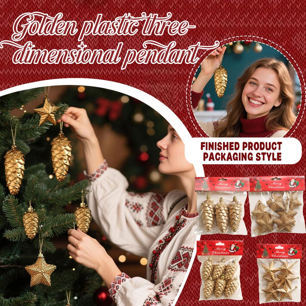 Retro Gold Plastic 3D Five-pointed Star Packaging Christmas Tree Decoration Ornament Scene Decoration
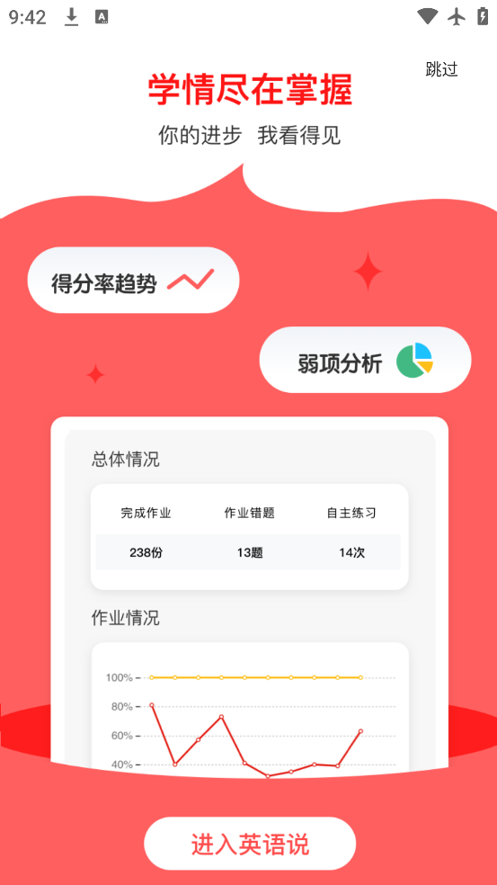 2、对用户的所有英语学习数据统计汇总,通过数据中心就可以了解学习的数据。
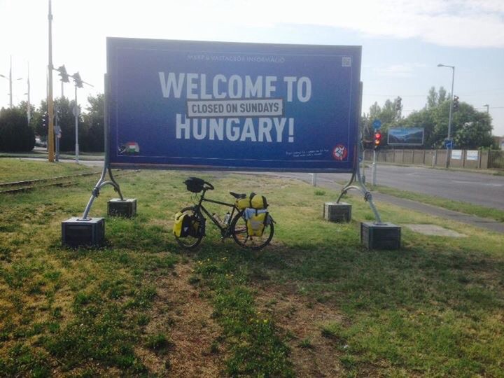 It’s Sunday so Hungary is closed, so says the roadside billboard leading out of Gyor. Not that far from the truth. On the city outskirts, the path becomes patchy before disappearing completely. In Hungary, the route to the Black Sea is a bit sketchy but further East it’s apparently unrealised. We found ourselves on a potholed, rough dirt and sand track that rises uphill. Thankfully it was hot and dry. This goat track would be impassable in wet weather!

____________________

Your copy should start at the line with "2、对用户的所有英语学习数据统计汇总,通过数据中心就可以了解学习的数据。", stop at the last line of the listing above, match exactly, and contain no pictures.

 2、对用户的所有英语学习数据统计汇总,通过数据中心就可以了解学习的数据。
 It’s Sunday so Hungary is closed, so says the roadside billboard leading out of Gyor. Not that far from the truth. On the city outskirts, the path becomes patchy before disappearing completely. In Hungary, the route to the Black Sea is a bit sketchy but further East it’s apparently unrealised. We found ourselves on a potholed, rough dirt and sand track that rises uphill. Thankfully it was hot and dry. This goat track would be impassable in wet weather!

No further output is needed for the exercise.